The financially beleaguered state government and school districts probably will be paying more for their employees’ pensions, starting next summer.
A key committee of the board of the California Public Employees’ Retirement System on Tuesday voted 6 to 2 to cut its benchmark assumed rate of return on its investments to 7.5% from a two-decade-old target of 7.75%.
The change, if approved Wednesday by a majority of the full 13-member board, would cost the state general fund an additional $167 million, boosting the total bill for the 2012-13 fiscal year to approximately $3.7 billion.
School districts would be tapped for an additional $137 million to cover the retirement costs of non-teaching personnel.

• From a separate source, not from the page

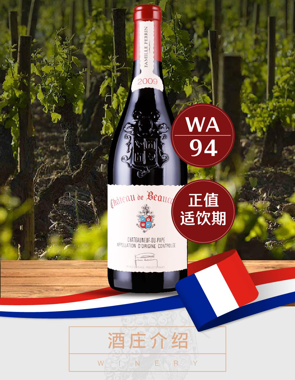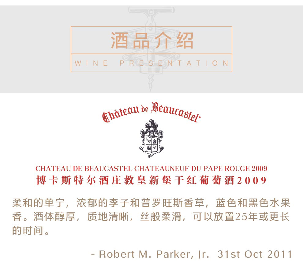 博卡斯特尔酒庄教皇新堡干红葡萄酒2009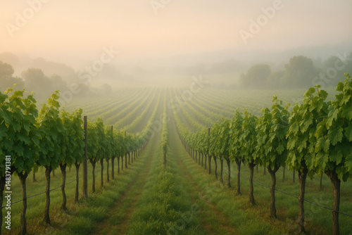 © Midea , Fototapeta premium Vineyard workers harvesting grapes in foggy California valley.

Cities, counties and special service districts that participate in the CalPERS program would not get higher bills, which have yet to be determined, until July 1, 2014.
The hit on government employers could have been worse.
Alan Milligan, CalPERS’ chief actuary, recommended that the pension fund’s discount rate, which forecasts assumed rates of return on its $236-billion investment portfolio, be lowered to 7.25%.
The bigger change, Milligan said, “is the best course of action for this fund in the long term.” He predicted that CalPERS had a 54% of reaching the 7.25% goal, but only a 1-in-2 possibility of hitting 7.5% in any given year.
The committee, after hearing testimony from local government officials and public sector labor union representatives, voted to take the more conservative approach.
“This is a difficult decision, a true rock-and-a-hard-place situation,” said board member George Diehr. “There’s an impact on contribution rates during a period of budget strain for state, public agencies and schools.
“But, continuing to assume something that probably is not realistic is kicking the can down the road.”